[What is required]: Take the material below and restate it word for word, stopping after the line in which "Камера заднего вида для" occurs.

[Excerpted data]:
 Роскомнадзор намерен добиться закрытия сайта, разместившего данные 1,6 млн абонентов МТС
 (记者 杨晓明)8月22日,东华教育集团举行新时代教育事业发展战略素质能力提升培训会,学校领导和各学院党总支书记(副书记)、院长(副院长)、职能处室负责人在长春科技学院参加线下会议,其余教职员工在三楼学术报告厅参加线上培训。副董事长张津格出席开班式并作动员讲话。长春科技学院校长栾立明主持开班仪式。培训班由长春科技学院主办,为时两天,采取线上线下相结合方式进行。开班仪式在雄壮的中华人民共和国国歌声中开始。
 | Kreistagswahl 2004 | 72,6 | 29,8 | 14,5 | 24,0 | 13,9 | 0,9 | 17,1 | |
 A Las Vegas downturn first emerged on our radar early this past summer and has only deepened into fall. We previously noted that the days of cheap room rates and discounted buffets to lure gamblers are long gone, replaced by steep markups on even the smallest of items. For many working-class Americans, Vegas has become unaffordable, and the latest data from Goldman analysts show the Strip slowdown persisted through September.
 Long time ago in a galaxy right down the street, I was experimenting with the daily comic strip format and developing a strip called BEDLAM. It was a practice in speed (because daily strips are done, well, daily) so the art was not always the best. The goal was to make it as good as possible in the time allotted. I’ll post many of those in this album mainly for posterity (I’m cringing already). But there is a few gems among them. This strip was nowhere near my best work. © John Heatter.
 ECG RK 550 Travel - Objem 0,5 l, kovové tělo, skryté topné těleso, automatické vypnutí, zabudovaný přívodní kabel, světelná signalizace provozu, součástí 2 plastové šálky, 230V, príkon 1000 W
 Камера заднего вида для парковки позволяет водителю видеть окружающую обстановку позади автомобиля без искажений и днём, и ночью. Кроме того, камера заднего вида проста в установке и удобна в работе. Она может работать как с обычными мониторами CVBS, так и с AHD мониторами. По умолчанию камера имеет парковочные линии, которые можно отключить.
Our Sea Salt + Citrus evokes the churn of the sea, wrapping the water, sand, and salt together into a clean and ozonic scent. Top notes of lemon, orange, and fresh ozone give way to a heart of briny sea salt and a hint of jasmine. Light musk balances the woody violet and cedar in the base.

[Exercise answer]:
 Роскомнадзор намерен добиться закрытия сайта, разместившего данные 1,6 млн абонентов МТС
 (记者 杨晓明)8月22日,东华教育集团举行新时代教育事业发展战略素质能力提升培训会,学校领导和各学院党总支书记(副书记)、院长(副院长)、职能处室负责人在长春科技学院参加线下会议,其余教职员工在三楼学术报告厅参加线上培训。副董事长张津格出席开班式并作动员讲话。长春科技学院校长栾立明主持开班仪式。培训班由长春科技学院主办,为时两天,采取线上线下相结合方式进行。开班仪式在雄壮的中华人民共和国国歌声中开始。
 | Kreistagswahl 2004 | 72,6 | 29,8 | 14,5 | 24,0 | 13,9 | 0,9 | 17,1 | |
 A Las Vegas downturn first emerged on our radar early this past summer and has only deepened into fall. We previously noted that the days of cheap room rates and discounted buffets to lure gamblers are long gone, replaced by steep markups on even the smallest of items. For many working-class Americans, Vegas has become unaffordable, and the latest data from Goldman analysts show the Strip slowdown persisted through September.
 Long time ago in a galaxy right down the street, I was experimenting with the daily comic strip format and developing a strip called BEDLAM. It was a practice in speed (because daily strips are done, well, daily) so the art was not always the best. The goal was to make it as good as possible in the time allotted. I’ll post many of those in this album mainly for posterity (I’m cringing already). But there is a few gems among them. This strip was nowhere near my best work. © John Heatter.
 ECG RK 550 Travel - Objem 0,5 l, kovové tělo, skryté topné těleso, automatické vypnutí, zabudovaný přívodní kabel, světelná signalizace provozu, součástí 2 plastové šálky, 230V, príkon 1000 W
 Камера заднего вида для парковки позволяет водителю видеть окружающую обстановку позади автомобиля без искажений и днём, и ночью. Кроме того, камера заднего вида проста в установке и удобна в работе. Она может работать как с обычными мониторами CVBS, так и с AHD мониторами. По умолчанию камера имеет парковочные линии, которые можно отключить.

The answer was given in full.